For white-collar workers, it’s probably tougher than it has been. This trend has been consistent and seems to be continuing — it’s not abating.
– Dr. Rikard Bandebo, Chief Economist and Chief Strategy Officer at VantageScore.
VantageScore data shows that delinquencies across all loan products for households earning more than $150,000 have more than doubled since 2023, reports CBS MoneyWatch. These Americans are now feeling the impact of several economic changes, including a weaker job market for white-collar workers and higher housing costs.
About 38% of all new jobs created in the five years before the pandemic paid above-average wages, VantageScore’s data shows. But this year that share has fallen to 7%, signaling that companies are creating fewer white-collar positions. That poses a challenge to higher-income Americans who suffer a job loss because it may be tougher to find new employment than in previous years.

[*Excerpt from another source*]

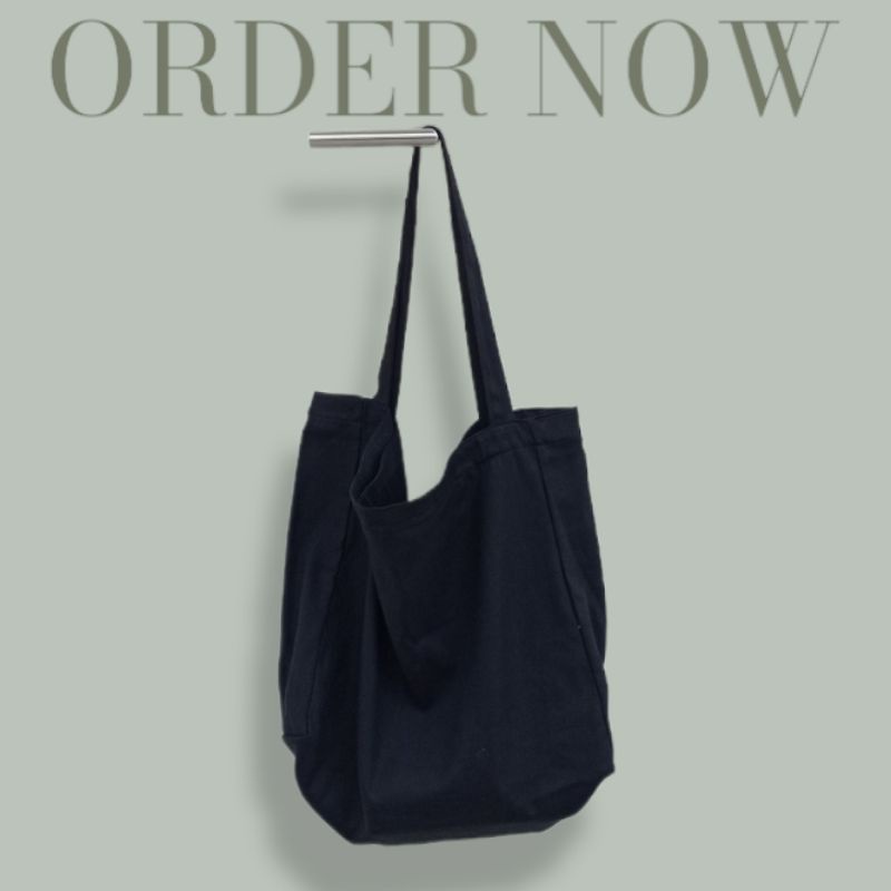 TOTE BAG bahan: canvas polos panjang: 69 cm lebar 14 cm tinggi: 33 cm dengan resleting satu ruang

Bandebo added: “This group is being hit from a number of different aspects, which is making it harder for them to make ends meet.”
The overall rate of loan delinquencies in the U.S. remains higher for low- and middle-income consumers than for high-income earners, according to VantageScore. For instance, the delinquency rate for households earning at least $150,000 now stands at about 0.34%, versus 1.75% for low-income households. However, the rise in delinquencies has accelerated faster for higher-income households than for other groups.